Benchmark #5: ./raytracer-cg_clif4
Time (mean ± σ): 10.750 s ± 0.208 s [User: 10.744 s, System: 0.004 s]
Range (min … max): 10.621 s … 11.312 s 10 runs
Warning: The first benchmarking run for this command was significantly slower than the rest (11.312 s). This could be caused by (filesystem) caches that were not filled until after the first run. You should consider using the '--warmup' option to fill those caches before the actual benchmark. Alternatively, use the '--prepare' option to clear the caches before each timing run.
Summary
'./raytracer-cg_llvm' ran
1.13 ± 0.02 times faster than './raytracer-cg_clif4'
1.49 ± 0.02 times faster than './raytracer-cg_clif2'
1.49 ± 0.03 times faster than './raytracer-cg_clif3'
1.58 ± 0.02 times faster than './raytracer-cg_clif'
cg_clif is b9dc950a11509deadf2fa7bf6936184fe6113f4c cg_clif2 is 40629999bcbf230d14a7ac56d4b56a86b8fad3d8 cg_clif3 is 6127632c761b9a658b13c122ba0beb73f4542399 cg_clif4 is 1018a34662e0b8d9dfa650ed0ee1dfd84242ac37
After 15b9834d7d37d601fd77db11f8852f9ceb0804d0:
Benchmark #1: ./raytracer_cg_llvm
Time (mean ± σ): 7.477 s ± 0.156 s [User: 7.393 s, System: 0.037 s]

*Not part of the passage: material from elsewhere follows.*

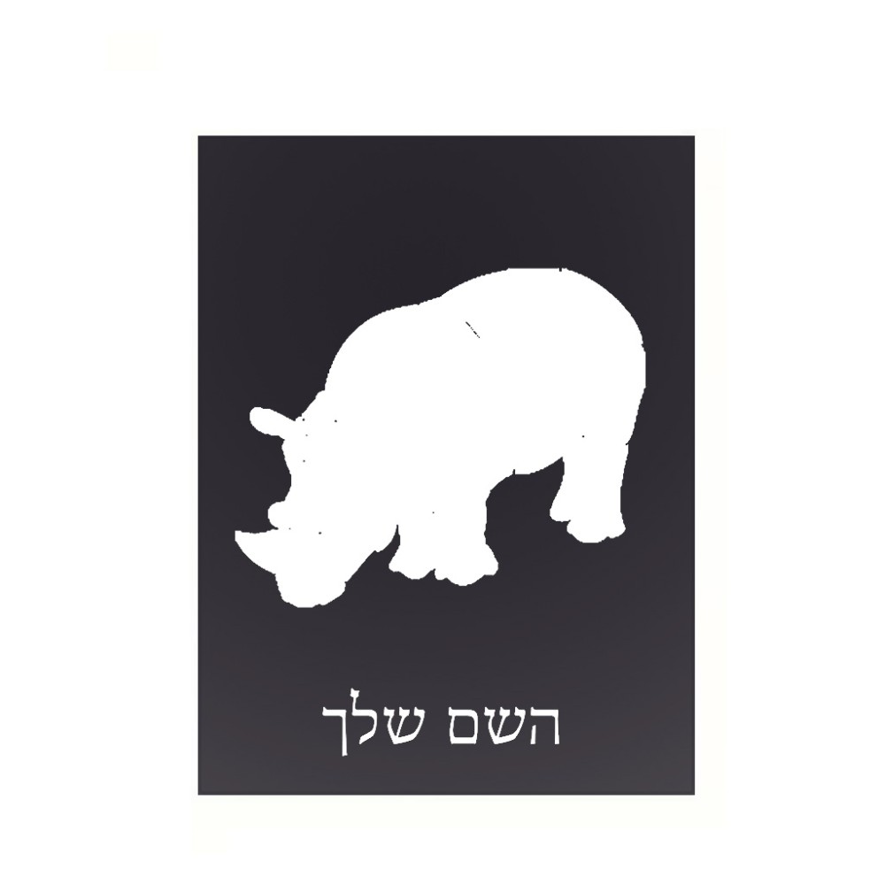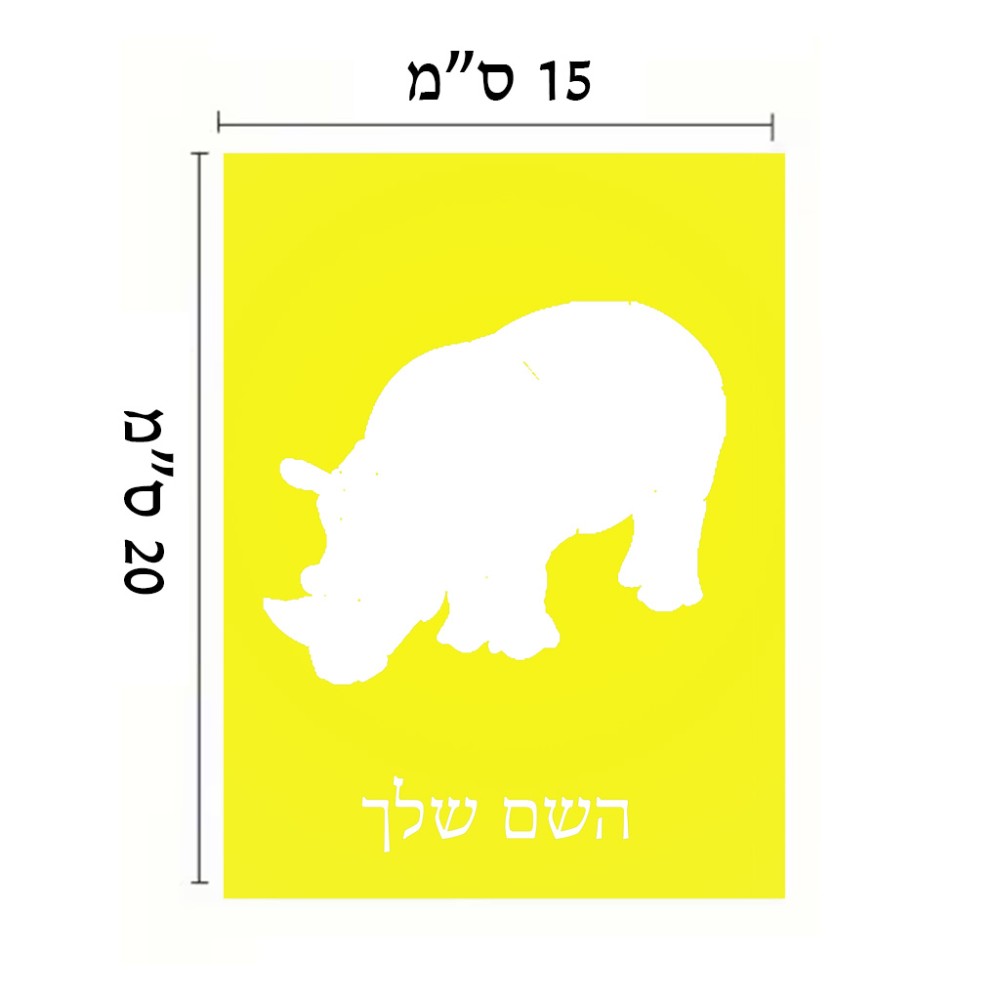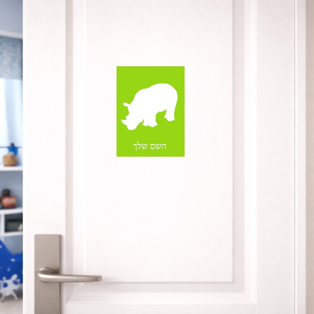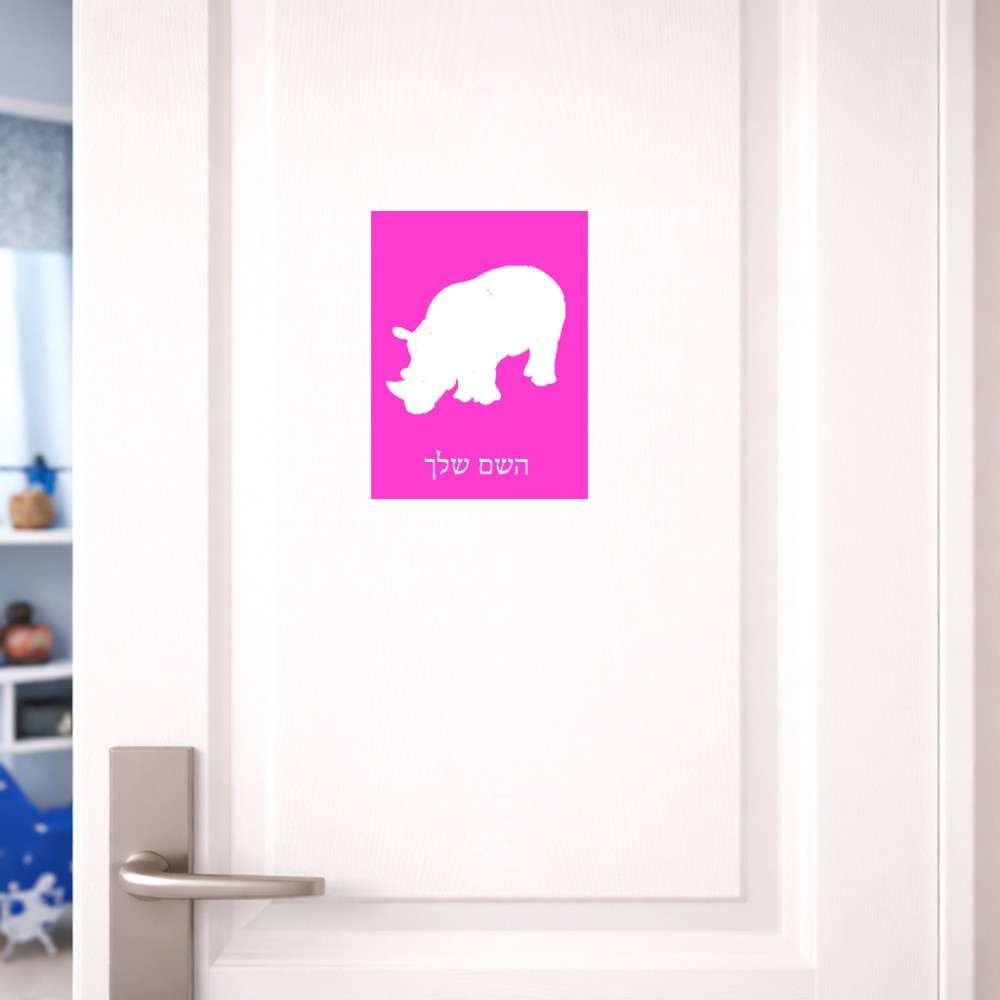 שלט אלומיניום קטן לחדר בעיצוב אישי עם השם שלך בעיצוב קרנף גודל השלט 15 × 20 ס"מ. את השם המבוקש ניתן לציין בהזמנה, אם לא צויין אנחנו ניצור קשר לבירור.

Range (min … max): 7.237 s … 7.853 s 20 runs
Benchmark #2: ./raytracer_cg_clif
Time (mean ± σ): 7.372 s ± 0.106 s [User: 7.305 s, System: 0.029 s]
Range (min … max): 7.240 s … 7.669 s 20 runs
Summary
'./raytracer_cg_clif' ran
1.01 ± 0.03 times faster than './raytracer_cg_llvm'
(benched on faster machine than previous comments)

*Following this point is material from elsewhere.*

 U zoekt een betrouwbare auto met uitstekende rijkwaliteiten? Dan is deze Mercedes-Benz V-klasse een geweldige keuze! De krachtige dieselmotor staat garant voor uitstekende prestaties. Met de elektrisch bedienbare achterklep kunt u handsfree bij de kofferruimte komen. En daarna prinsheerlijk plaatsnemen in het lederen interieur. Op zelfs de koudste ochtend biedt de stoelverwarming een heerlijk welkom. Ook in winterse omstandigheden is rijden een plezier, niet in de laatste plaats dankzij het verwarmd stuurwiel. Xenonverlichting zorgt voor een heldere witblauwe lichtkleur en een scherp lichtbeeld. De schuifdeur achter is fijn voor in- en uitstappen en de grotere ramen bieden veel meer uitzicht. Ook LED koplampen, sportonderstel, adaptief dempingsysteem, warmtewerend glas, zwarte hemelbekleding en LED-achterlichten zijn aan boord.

There is now pretty much no difference between cg_clif and cg_llvm. 🎉
5b17cf208330511a0cd9b5f496075f150b7821a4 added simple-raytracer as benchmark.
Just tried to compile veloren using cg_clif. I was surprised by the huge gap between cg_clif and cg_llvm:
CHANNEL="release" ../cargo.sh build 1613,63s user 64,18s system 315% cpu 8:51,02 total
cargo build 3272,94s user 50,07s system 315% cpu 17:33,41 total
I haven't tried running the compiled version though as threads are not yet supported.